─── DATA PROVIDED
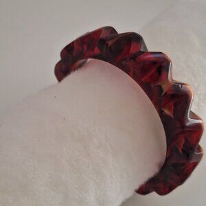 This rear bakerlite bracelet has fabulous colors of red orange black green yellow on one side and red on the other. Looks like a gear. They would wear them stacked! Must of looked terrific!!!!! This bangle is a real show stopper!!!!!!
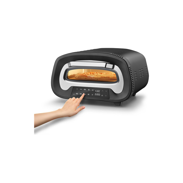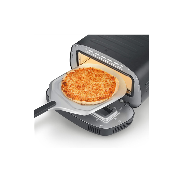 | Muud funktsioonid | Individually selectable heating elements (top or bottom heat) ensure the perfect pizza with a crispy base and juicy topping; Simple operation thanks to digital display and sensor touch control with various pizza programmes; Includes high-quality and fast-heating large pizza stone made of cordierite; Safe and heat-resistant steel housing; 8 automatic programs for Pinsa Romana, New York Style, Flammkuchen, and more |
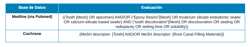 Material y método: Tras establecer la pregunta de investigación adaptada, se llevó a cabo una revisión de la literatura en dos bases de datos (Medline vía Pubmed y Wiley Library vía Biblioteca Chrocane) combinando términos MeSH (Medical Subject Headings) y términos libres. Además, se llevó a cabo una búsqueda electrónica manual. Las propiedades físicas de utilidad clínica seleccionadas fueron la decoloración, capacidad de sellado, radiopacidad, tiempo de fraguado y solubilidad.
──────
Return the data above in its exact wording, with none of the pictures.

SOLUTION BELOW:
 This rear bakerlite bracelet has fabulous colors of red orange black green yellow on one side and red on the other. Looks like a gear. They would wear them stacked! Must of looked terrific!!!!! This bangle is a real show stopper!!!!!!
 | Muud funktsioonid | Individually selectable heating elements (top or bottom heat) ensure the perfect pizza with a crispy base and juicy topping; Simple operation thanks to digital display and sensor touch control with various pizza programmes; Includes high-quality and fast-heating large pizza stone made of cordierite; Safe and heat-resistant steel housing; 8 automatic programs for Pinsa Romana, New York Style, Flammkuchen, and more |
 Material y método: Tras establecer la pregunta de investigación adaptada, se llevó a cabo una revisión de la literatura en dos bases de datos (Medline vía Pubmed y Wiley Library vía Biblioteca Chrocane) combinando términos MeSH (Medical Subject Headings) y términos libres. Además, se llevó a cabo una búsqueda electrónica manual. Las propiedades físicas de utilidad clínica seleccionadas fueron la decoloración, capacidad de sellado, radiopacidad, tiempo de fraguado y solubilidad.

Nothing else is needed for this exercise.